Insurances will deny the claim as Denial Code CO 119 – Benefit maximum for this time period or occurrence has been reached or exhausted, whenever the maximum amount or maximum number of visits or units for the time dated under the plans policy is reached.
To understand the denial code 119 consider the following example:
Assume as per the John plan policy End Stage Related Services are allowed only once per month.
Let us assume John has taken ESRD related health care services on 12/02/2019 and received a payment for the claim from insurance. Again on the same month John received ESRD related health care services i.e. on 12/24/2019.
In this case, Do insurance company pay the date of service 12/24/2019?
Answer: No, insurance will deny the claim with Denial Code CO 119 – Benefit maximum for this time period or occurrence has been reached or exhausted. Because this End stage related healthcare service is allowed only once per month as per the patient policy and John has already received payment for the similar End stage related service on 12/02/2019, so insurance company will deny the claim as per the his plan policy.
What is Maximum benefit Exhausted in Medical Billing?
Maximum Benefit exhausted in medical billing refers to the maximum amount of money/maximum number of visits/maximum number of units met as per the patient plan policy (specific time period).
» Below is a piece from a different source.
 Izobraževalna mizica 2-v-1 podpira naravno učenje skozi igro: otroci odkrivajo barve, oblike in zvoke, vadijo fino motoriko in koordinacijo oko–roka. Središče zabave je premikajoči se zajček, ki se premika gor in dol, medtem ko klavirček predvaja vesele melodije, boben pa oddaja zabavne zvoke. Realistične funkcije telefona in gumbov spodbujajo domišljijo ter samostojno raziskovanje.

When the Claim denied as Maximum Benefits Met or Maximum benefit Exhausted, then we need to follow the below steps to resolve the denial (CO 119 denial code):
- Review the other claims billed after the date of service in question, if found paid in the application. Call the claims department of carrier and have the claim reprocessed by referencing the paid claim.
- If the procedure code is an office visit/ consultation, check if the patient has referrals to cover those visits, if yes, reprocess the claim.
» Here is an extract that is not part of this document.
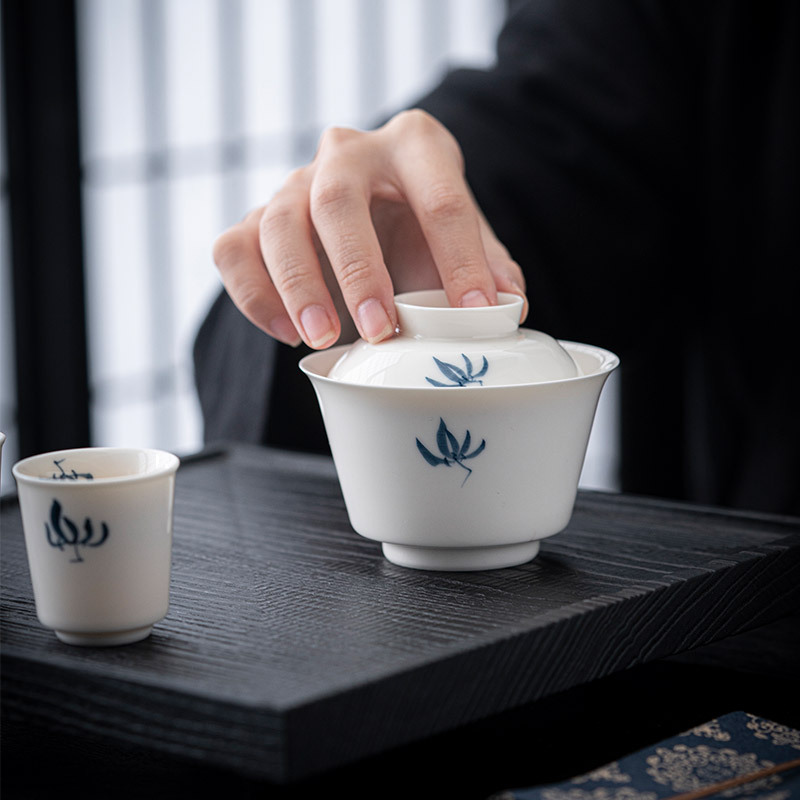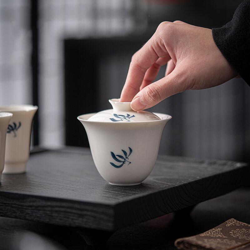 手描きの蘭の三才は碗のお茶の杯をかぶせます。

If above information not available,
- Reach out insurance company to find out whether it’s maximum amount or unit or visit?
- Get the maximum amount or visit or units under the patient plans policy and benefit met date?
- Bill the patient if the benefits met or benefits exhausted (Before you do, check the client specifications).
Call the claims department and ask the following question when claim denied with CO 119 – Benefit maximum for this time period or occurrence has been reached or exhausted:
If Benefit Maximum for this time period or occurrence has reached, then ask the following questions:
- Get the Claim received date and denial date of the Claim?
- Check with rep and get the maximum benefit amount for the patient and the date when the maximum benefit amount reached?
- Get the Claim number and Cal reference number
If Maximum frequency (Units) reached, then check with the following questions:
- Get the received and denial date?
- Get the maximum frequency for the procedure code and the date when the maximum frequency reached?
- Get the Claim number and Cal reference number.
If Maximum visits reached, then with the following questions:
- May I know the maximum visit for the patient and the date when the maximum visit met?